PROBLEM DETAILS: Every line below from the one containing "The name of" through the one containing "Dole Wood (ward)" is to be printed exactly, with the pictures omitted.

Stored dataset items
((

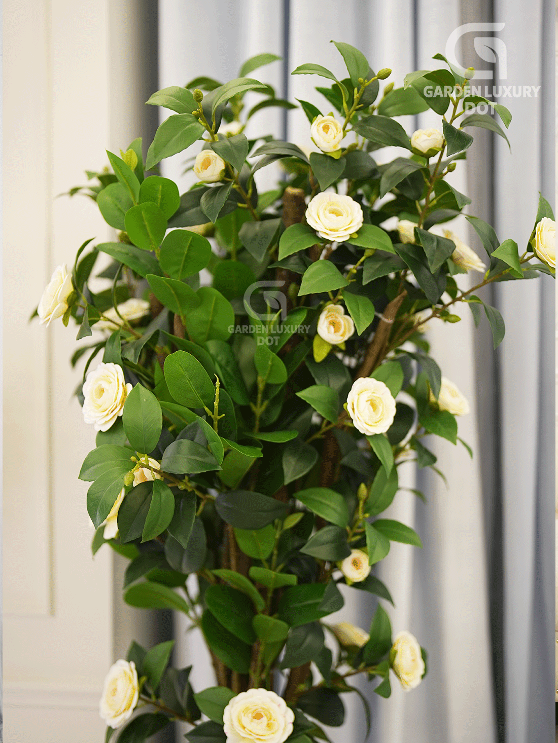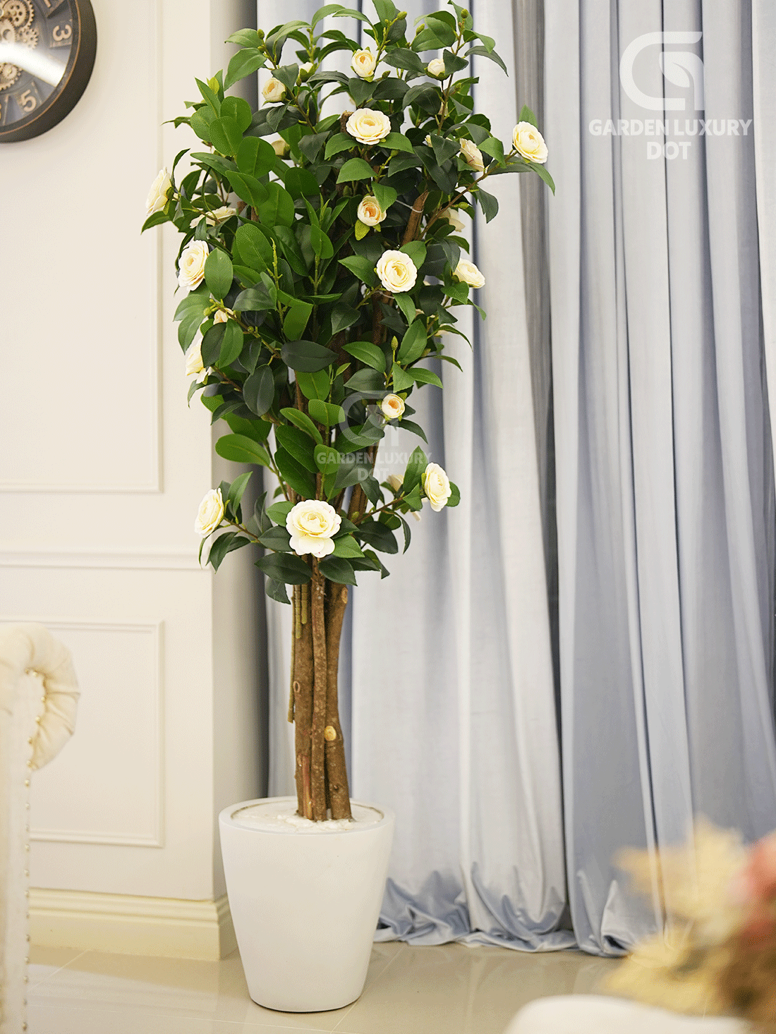 This premium artificial Camellia tree is a perfect choice for home and office décor. The deep green natural-looking leaves combined with soft white-yellow Camellia blossoms bring a refreshing and elegant touch to any space. With its tall height, it fits beautifully in living rooms, reception areas, offices, or lounge corners. The tree comes in a premium fiber pot filled with marble stones, giving it a more natural and luxurious look. The flowers are made of washable rubber material, making them long-lasting and easy to maintain. This elegant piece will surely add a stylish and classy vibe to your interior.
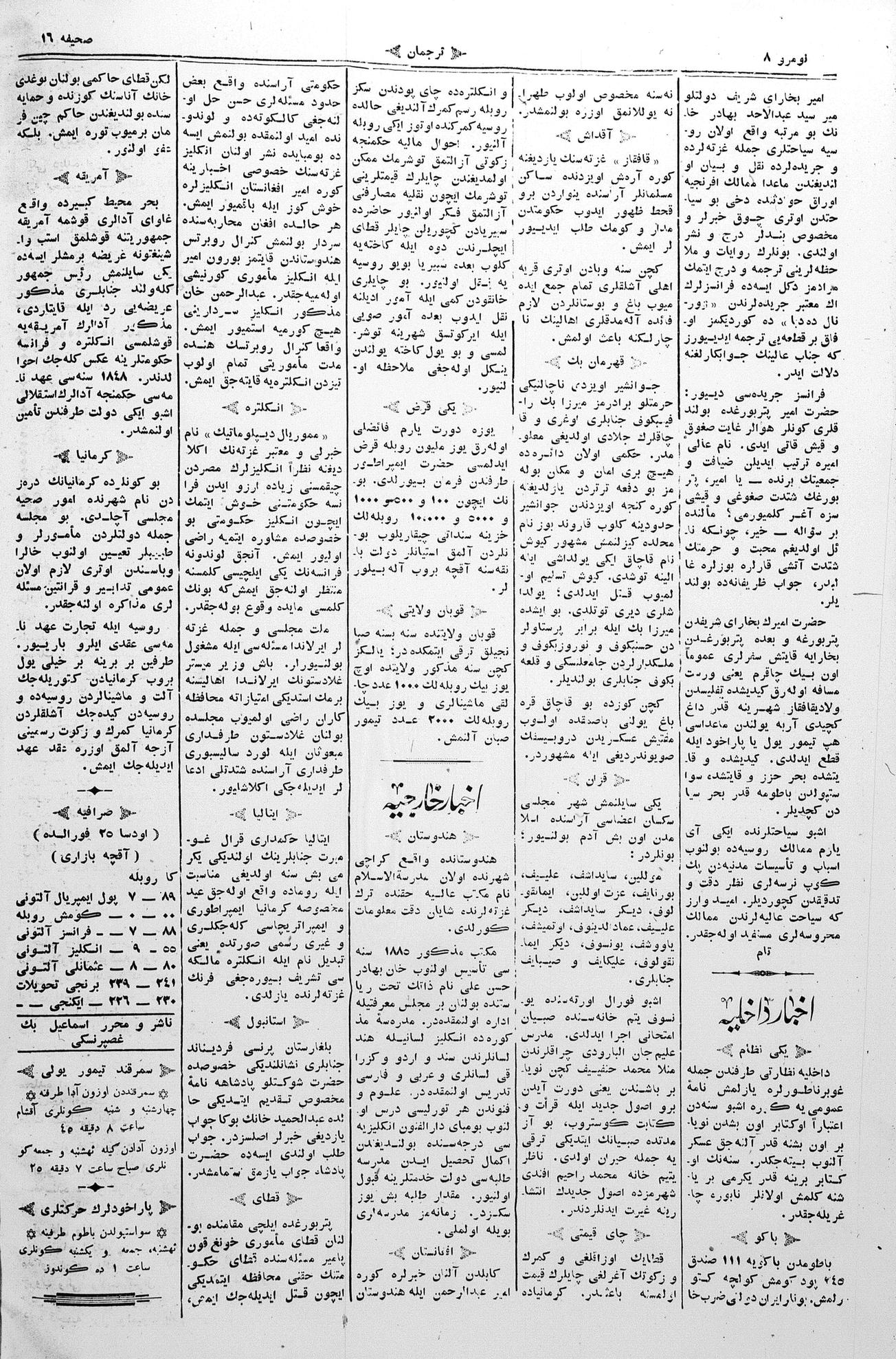 The name of the newspaper changed to Tercüman-ı Ahval-i Zaman in 1905. In 1909, it started to be published under its first name, Tercüman.
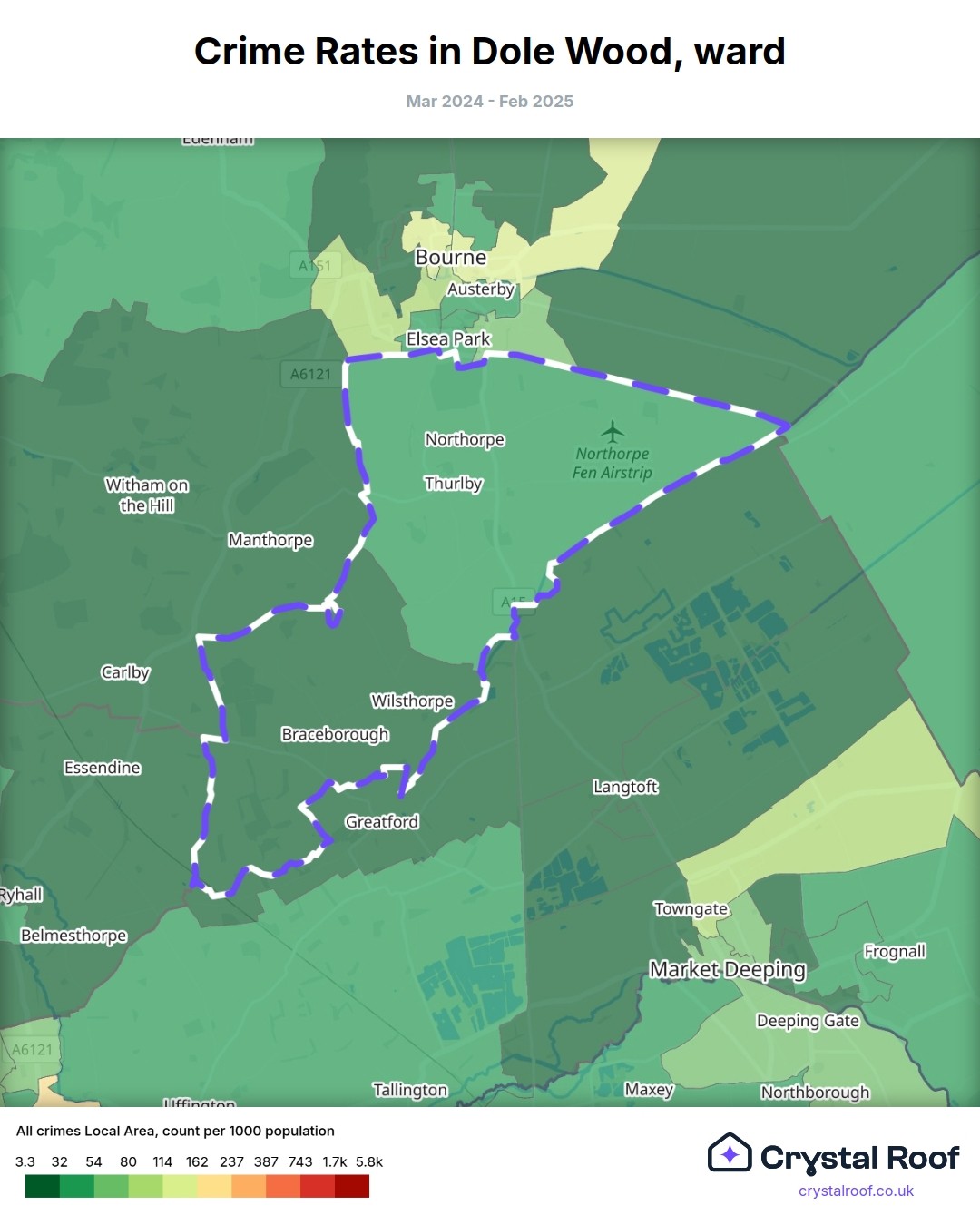 Dole Wood (ward) is located within South Kesteven (borough). Annual total crime rate in South Kesteven (borough) is 70.9 crimes per thousand resident population, which can be rated as 2 out of 10 or low crime level compared to other local authority districts in England and Wales.
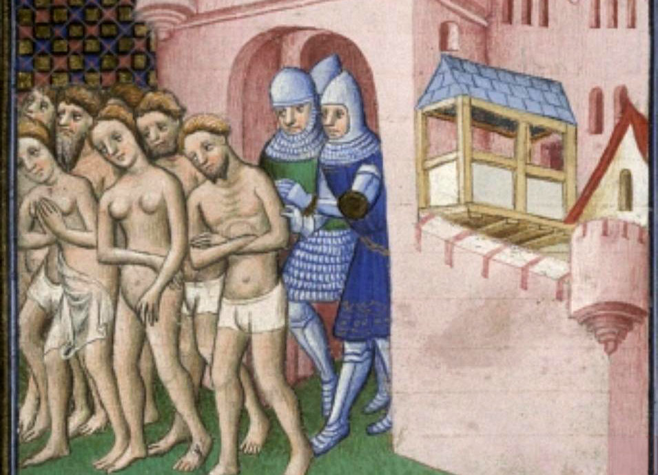 Top Image: Expulsion of the inhabitants from Carcassonne in 1209. British Library MS Cotton Nero E II Pt2, f. 20v
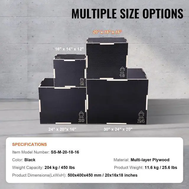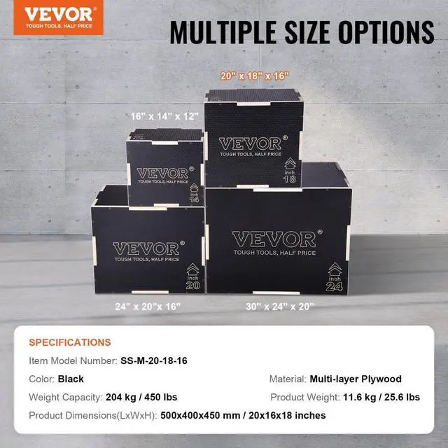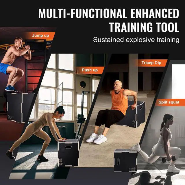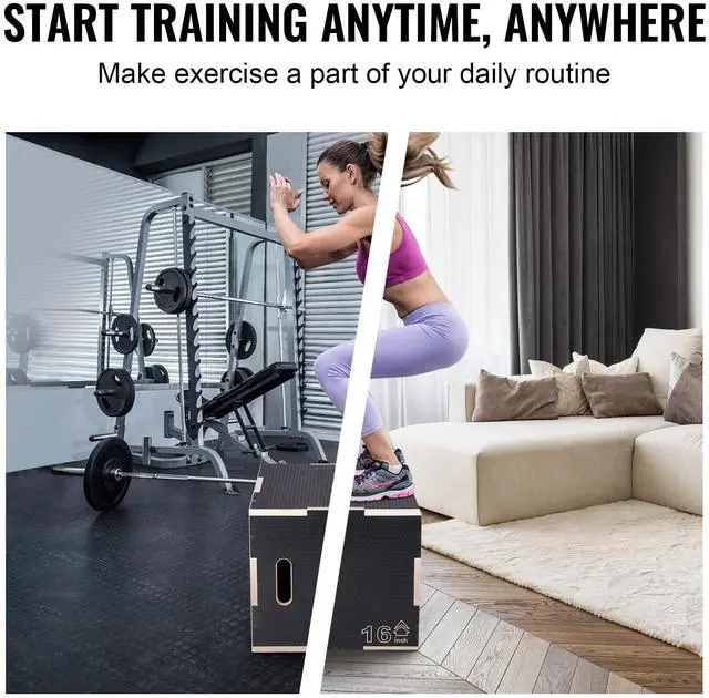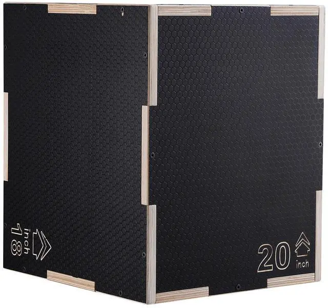 VEVOR 3 in 1 Plyometric Jump Box, 20/18/16 Inch Wooden Plyo Box, Platform & Jumping Agility Box, Anti-Slip Fitness Exercise Step Up Box for Home Gym Training, Conditioning Strength Training, Black
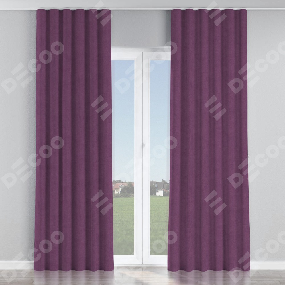 Комплект прямых штор, от производителя «Cortin», пошиты из ткани канвас сиреневый, артикул ткани v-98. С изнаночной стороны в верхней части штор пристрачивается шторная лента с декоративными складками «Волна». Для создания элегантных складок прямые шторы шьются по стандарту с коэффициентом 1:2 (на 100 см. ширины проёма 200 см. ширины ткани).
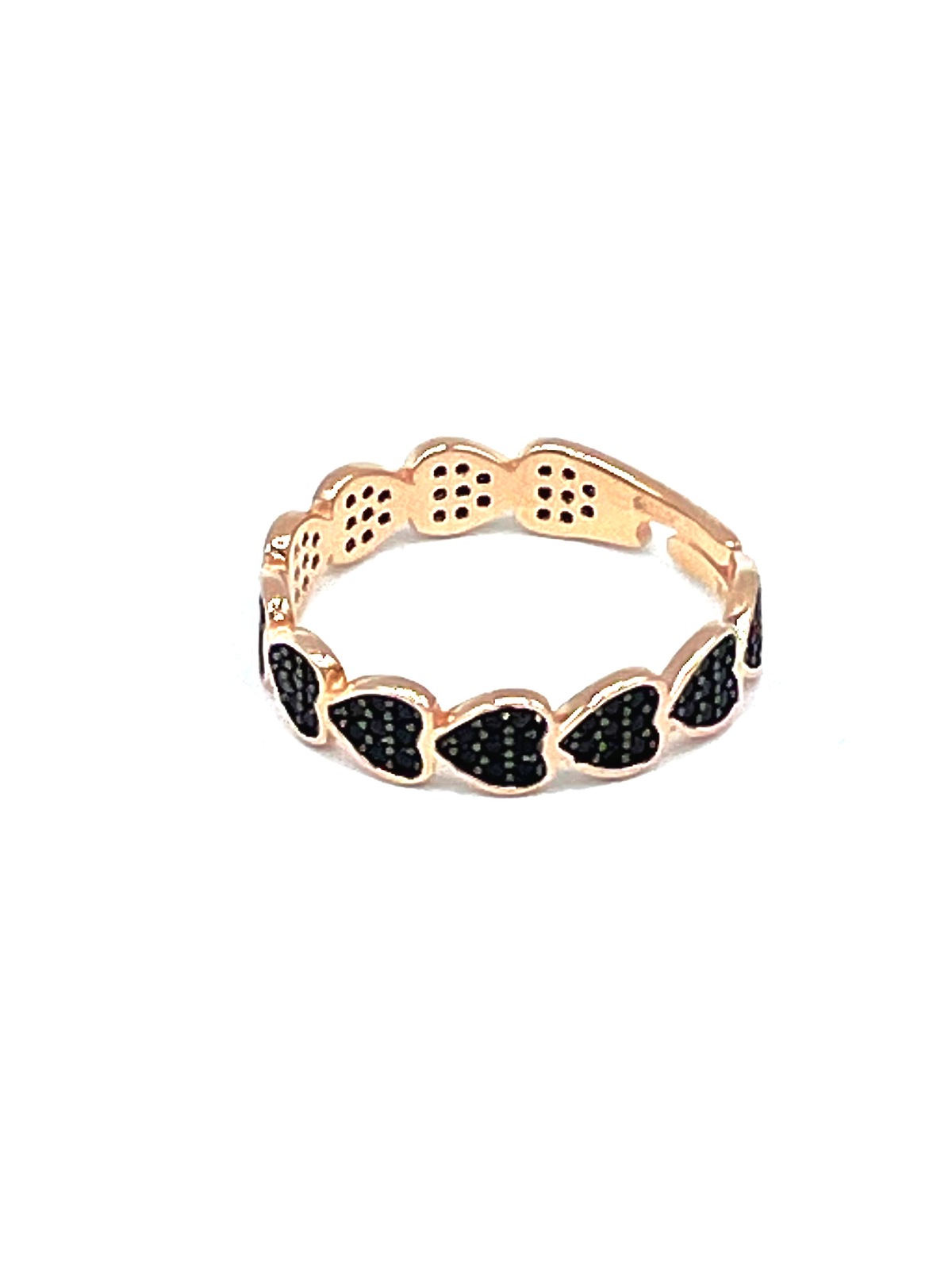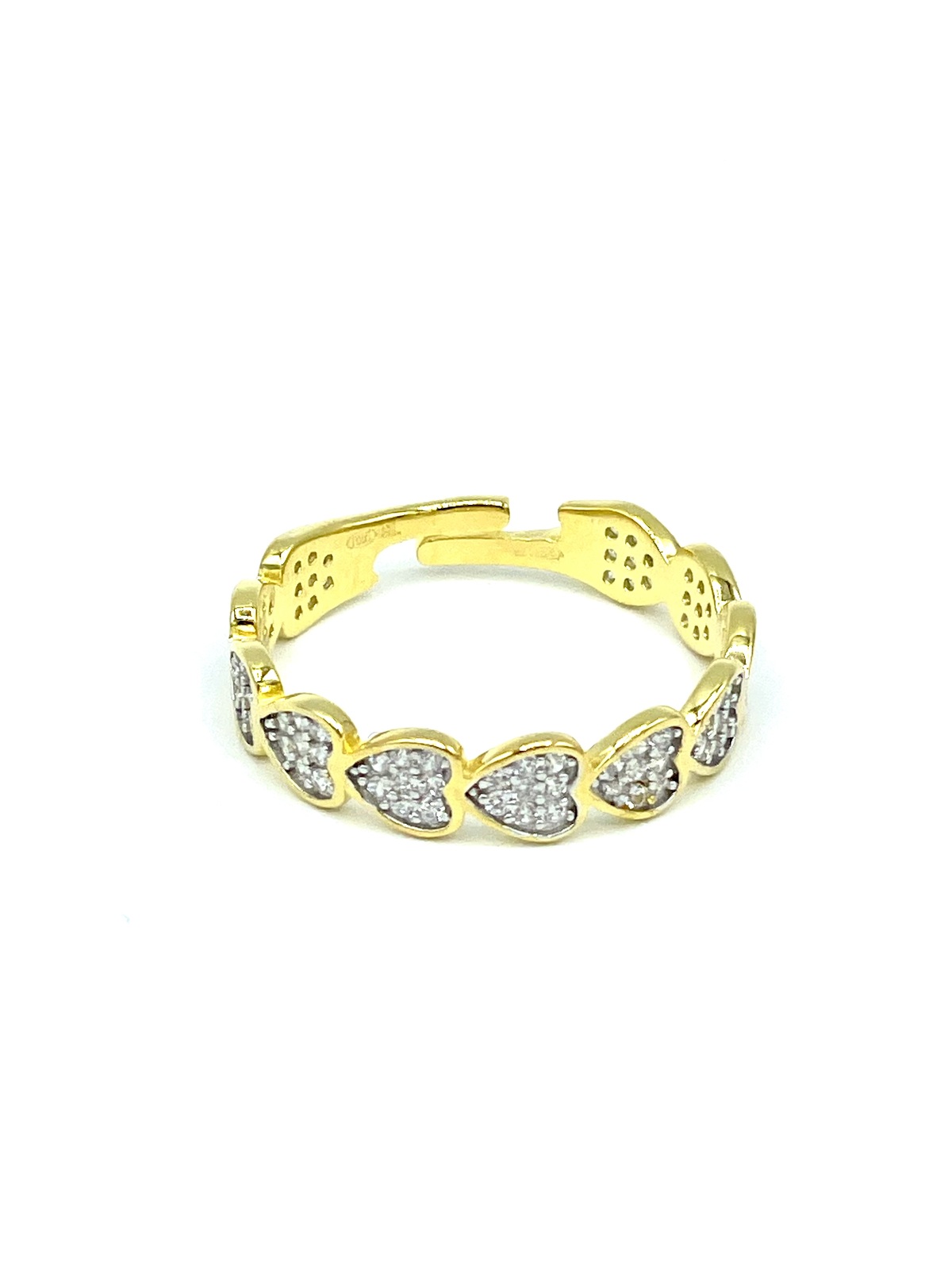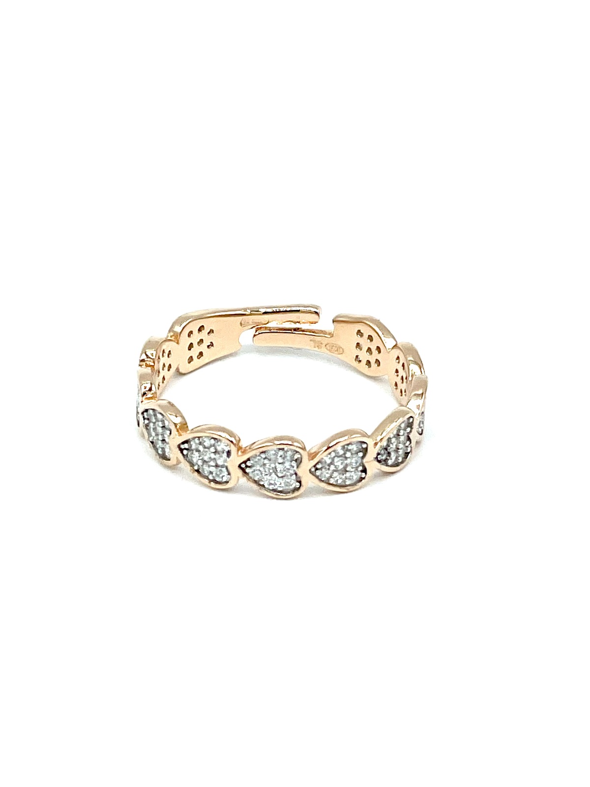 Anello in argento tit. 925m. a fascia con cuori zirconati.

))

TASK RESULT:
 The name of the newspaper changed to Tercüman-ı Ahval-i Zaman in 1905. In 1909, it started to be published under its first name, Tercüman.
 Dole Wood (ward) is located within South Kesteven (borough). Annual total crime rate in South Kesteven (borough) is 70.9 crimes per thousand resident population, which can be rated as 2 out of 10 or low crime level compared to other local authority districts in England and Wales.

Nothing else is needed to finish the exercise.